§ Instructions for the task:
Repeat only the lines below that run from the line with "Majestically mounted high" to the line with "京东家电年货节期间,为消费者", ends included; skip every picture.

══ Records

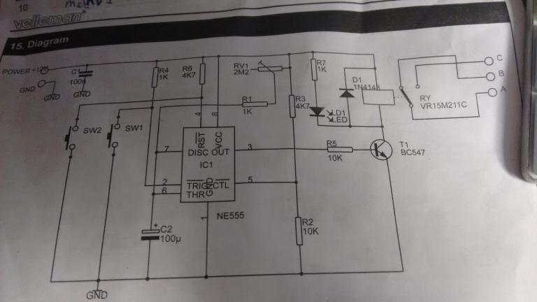 Als je weer naar de schakeling van @katwezel teruggaat, is het wellicht handiger om aan het lampje te zien of de timer AANgeschakeld is?
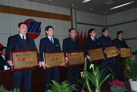 (本网讯)枣庄联创公司为确保09年的安全生产,面对当前严峻的经济形势,充分认识到搞好安全生产的极端重要性,摆在更加突出位置来抓,继续坚持“安全第一、生产第二”不动摇,系统推进安全长效机制建设,提升安全质量管理水平,以安全高效的优异成绩加快实践科学发展观。图为公司领导为安全生产做出卓越贡献的先进集体颁发荣誉奖状。
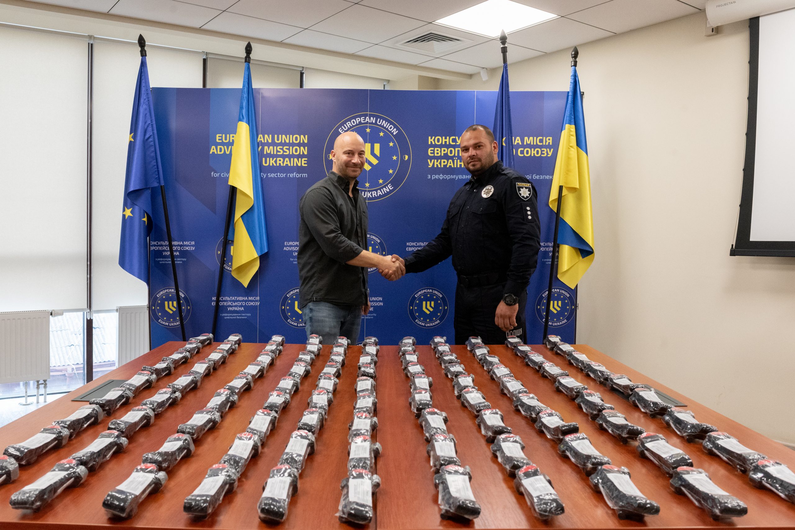 Через постійні обстріли та атаки дронів на півдні України поліцейські часто виконують функції швидкого реагування, надаючи допомогу як цивільним громадянам, так і співробітникам своїх підрозділів. Забезпечуючи правоохоронців не тільки необхідними навичками надання першої медичної допомоги, а й умінням навчати цього своїх колег, КМЄС сприяє поширенню цих навичок серед якомога більшої кількості співробітників правоохоронних органів, які працюють на прифронтових територіях. На підтримку цих зусиль КМЄС також передала Тренінговому центру ГУНП в Херсонській області 100 турнікетів CAT. Оскільки регіон продовжує щодня зазнавати атак, такі засоби для порятунку життя є критично важливими як для поліцейських, так і для цивільного населення.
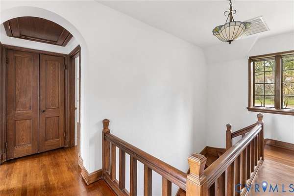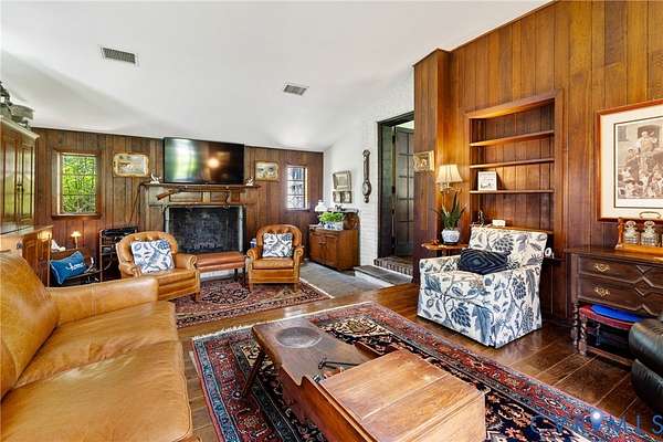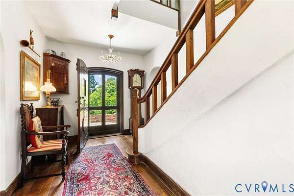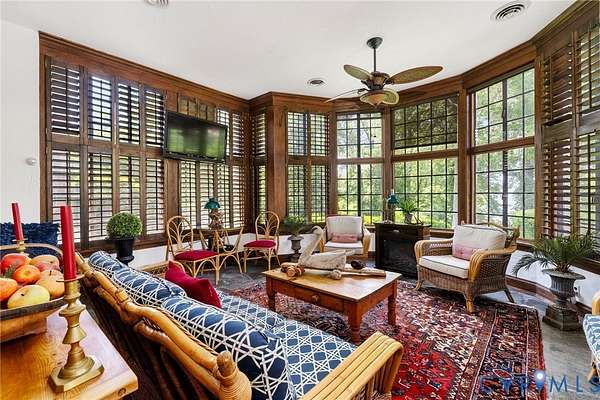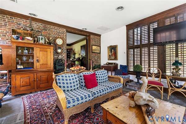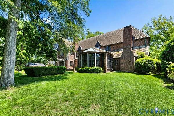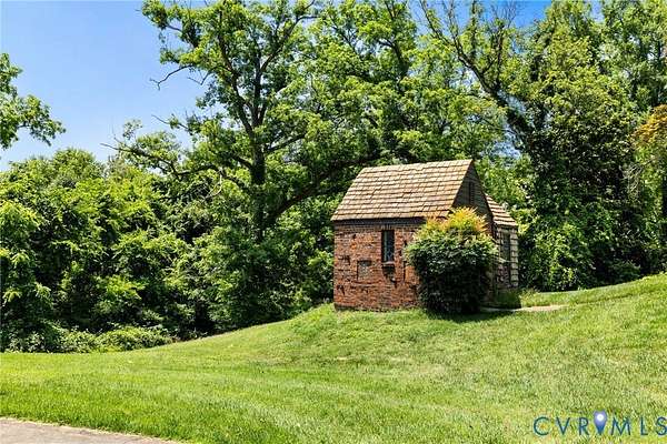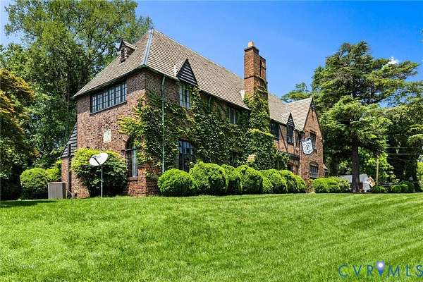 Majestically mounted high above the riverbank where the James and Appomattox join at historic City Point, this Tudor Revival built in 1929 could easily be mistaken for a 500-year-old-medieval manor house. A showplace of architectural distinction designed by noted architect Carl Lindner, the 5 bedroom, 3.5 bath house is constructed of irregularly shaped bricks in nuanced colors and fanciful patterns giving it an air of antiquity. Situated on nearly three acres, the house overlooks a rolling lawn, part of which, served as a wagon road to Petersburg during the Civil War. The rear of the property has 77 feet of waterfront with arresting views. The interior of this 4,075 SF house is as magical as the exterior with elaborate mouldings, arched doors and long, narrow windows. The outbuildings--a folly, boathouse and 2-story, 5 car-garage--are whimsical complements to the main house, echoing its Tudor vibe. The first floor has a living room, dining room, kitchen, pantry, river room, and family room. On the second floor are four bedrooms, including a primary suite, and a charming housekeeper's quarters with a fifth bedroom and third full bath. This sprawling landmark is only 20 minutes from downtown Richmond and 45 minutes from Williamsburg. Nearby are the Beacon Theatre, a marina, and the National Battlefield Park at City Point.
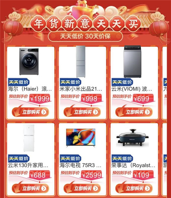 京东家电年货节期间,为消费者带来了具备“拒绝套路、天天低价、买贵必赔”的消费保障的货品,即参与此价格力度的产品,不仅在品质和功能创新上有保障,价格上也更具竞争力,目的就是打造全网抄底价。
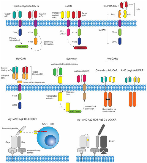 Another CAR modification using AND logic gating is a split universal programable (SUPRA) CAR. In this design, a zipCAR is introduced into a T cell, containing a basic leucine zipper (Bzip) binding domain combined with transmembrane and intracellular signaling domains [72]. A zipFv is also engineered, which includes an Azip domain (which binds to the Bzip region) bound to an scFv (Figure 2). This lock and key method of attaching to the binding domain has several advantages, including the ability to switch the antigen binding domain, fine-tune activation through adjustment in Azip/Bzip binding affinity, and combine multiple scFvs in one therapeutic approach. SUPRA CARs were further developed to have a separate inhibitory domain, adding NOT logic to their capabilities [73]. In mouse models for leukemia and breast cancer, SUPRA-CARs had an anti-tumor effect comparable with conventional CAR T cells; their versatility may make them a more promising option [72,73].

════

§ Result of the exercise:
 Majestically mounted high above the riverbank where the James and Appomattox join at historic City Point, this Tudor Revival built in 1929 could easily be mistaken for a 500-year-old-medieval manor house. A showplace of architectural distinction designed by noted architect Carl Lindner, the 5 bedroom, 3.5 bath house is constructed of irregularly shaped bricks in nuanced colors and fanciful patterns giving it an air of antiquity. Situated on nearly three acres, the house overlooks a rolling lawn, part of which, served as a wagon road to Petersburg during the Civil War. The rear of the property has 77 feet of waterfront with arresting views. The interior of this 4,075 SF house is as magical as the exterior with elaborate mouldings, arched doors and long, narrow windows. The outbuildings--a folly, boathouse and 2-story, 5 car-garage--are whimsical complements to the main house, echoing its Tudor vibe. The first floor has a living room, dining room, kitchen, pantry, river room, and family room. On the second floor are four bedrooms, including a primary suite, and a charming housekeeper's quarters with a fifth bedroom and third full bath. This sprawling landmark is only 20 minutes from downtown Richmond and 45 minutes from Williamsburg. Nearby are the Beacon Theatre, a marina, and the National Battlefield Park at City Point.
 京东家电年货节期间,为消费者带来了具备“拒绝套路、天天低价、买贵必赔”的消费保障的货品,即参与此价格力度的产品,不仅在品质和功能创新上有保障,价格上也更具竞争力,目的就是打造全网抄底价。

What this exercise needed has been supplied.